» **Exercise instructions**
When you reach the line with "公司安全生产治本攻坚三年行动方案(2024-2026)" in the records below, begin transcribing exactly and continue up to and including the line with "Our Ocean Breeze", leaving out every picture.

» **Data extract**
------------

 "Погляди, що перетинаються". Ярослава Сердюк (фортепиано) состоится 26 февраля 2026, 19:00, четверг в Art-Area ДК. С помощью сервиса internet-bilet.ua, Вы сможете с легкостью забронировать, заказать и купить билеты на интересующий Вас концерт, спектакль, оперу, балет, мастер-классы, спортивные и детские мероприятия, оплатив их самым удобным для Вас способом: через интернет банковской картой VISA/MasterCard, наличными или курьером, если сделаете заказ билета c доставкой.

------------

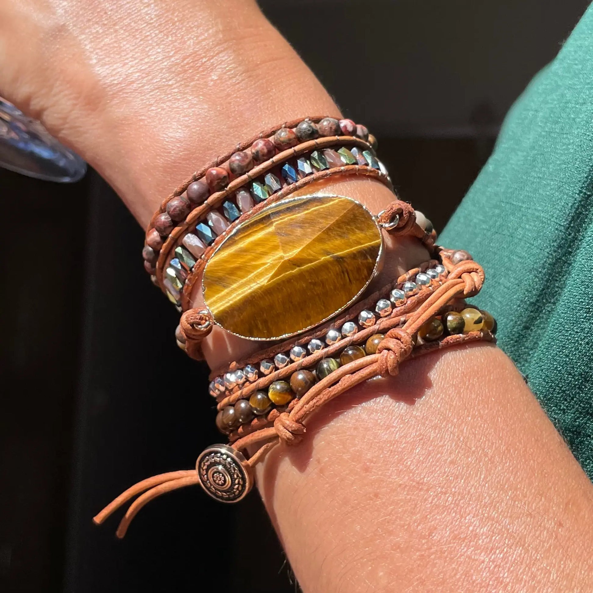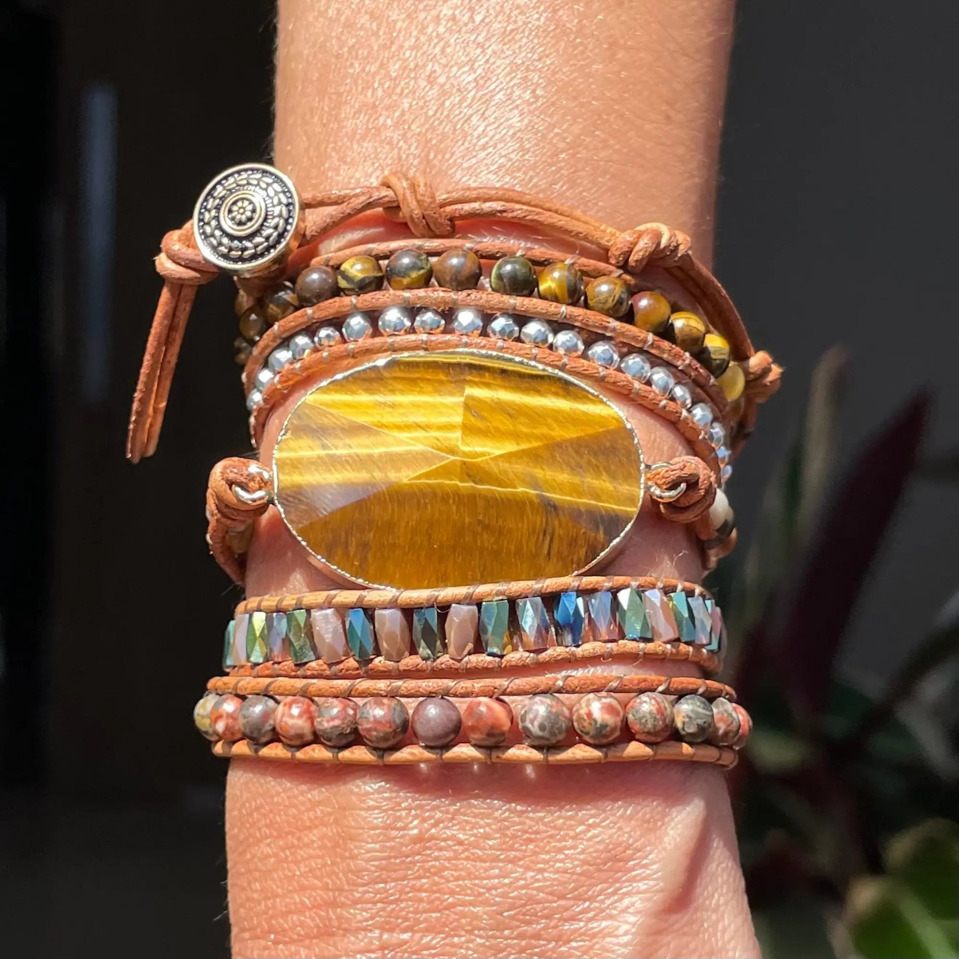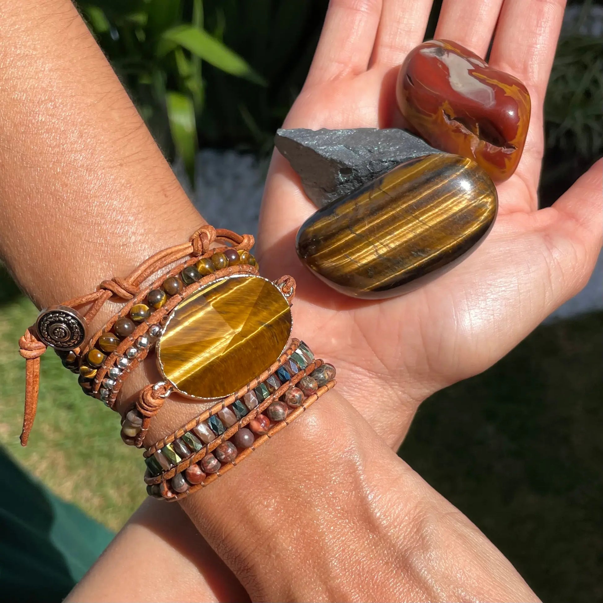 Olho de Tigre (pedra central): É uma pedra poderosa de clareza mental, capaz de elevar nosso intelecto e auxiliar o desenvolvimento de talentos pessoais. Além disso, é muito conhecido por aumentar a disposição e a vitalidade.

------------

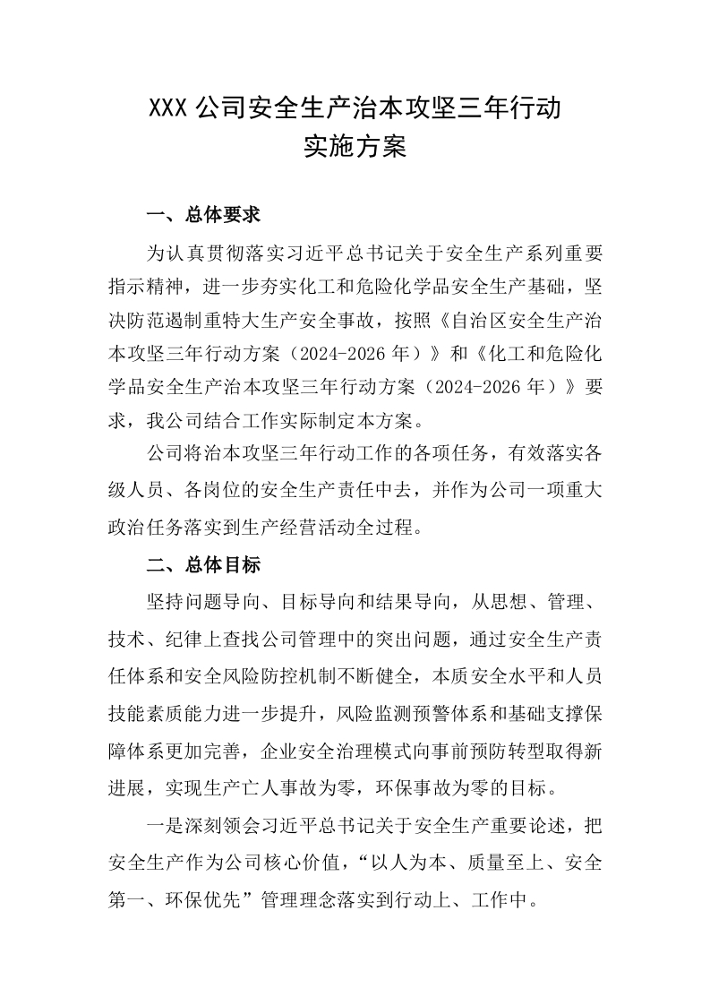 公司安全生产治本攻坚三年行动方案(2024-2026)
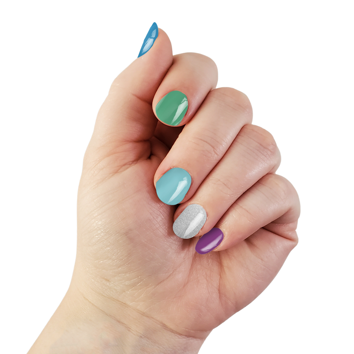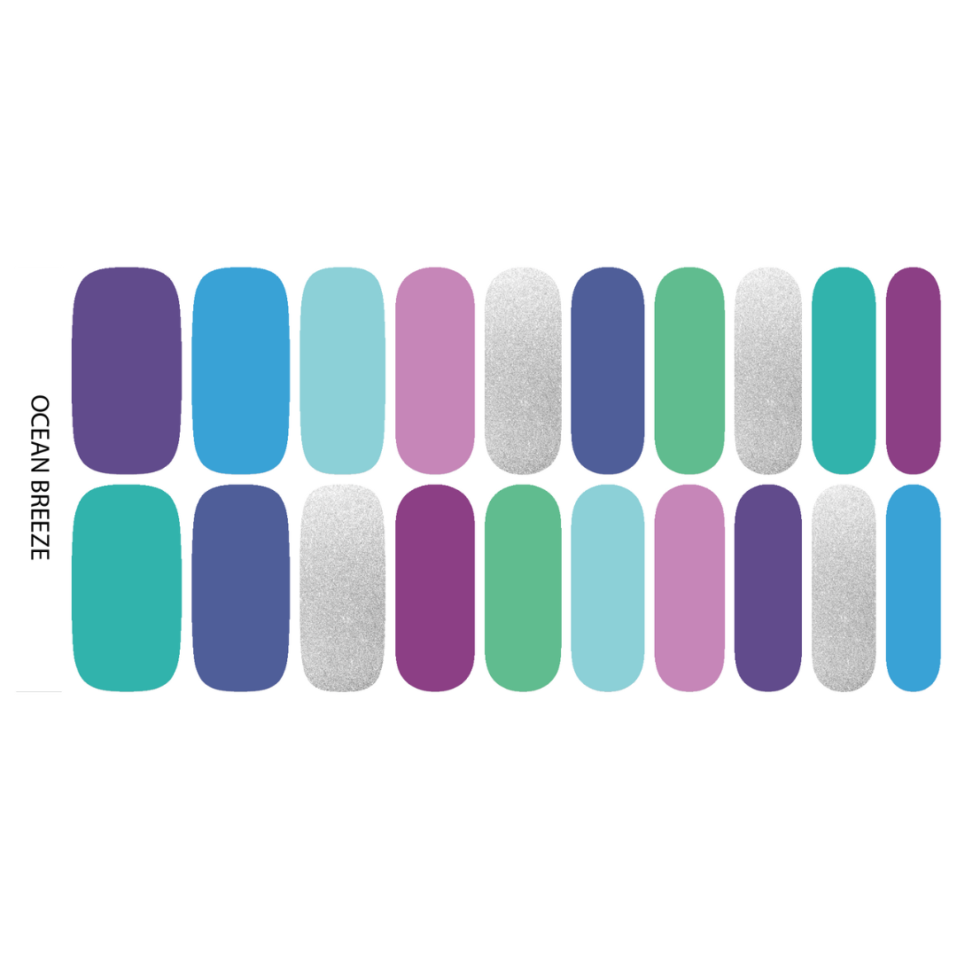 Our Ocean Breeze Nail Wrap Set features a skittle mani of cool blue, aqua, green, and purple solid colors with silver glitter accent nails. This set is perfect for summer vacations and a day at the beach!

------------

» **Answer to the problem**
 公司安全生产治本攻坚三年行动方案(2024-2026)
 Our Ocean Breeze Nail Wrap Set features a skittle mani of cool blue, aqua, green, and purple solid colors with silver glitter accent nails. This set is perfect for summer vacations and a day at the beach!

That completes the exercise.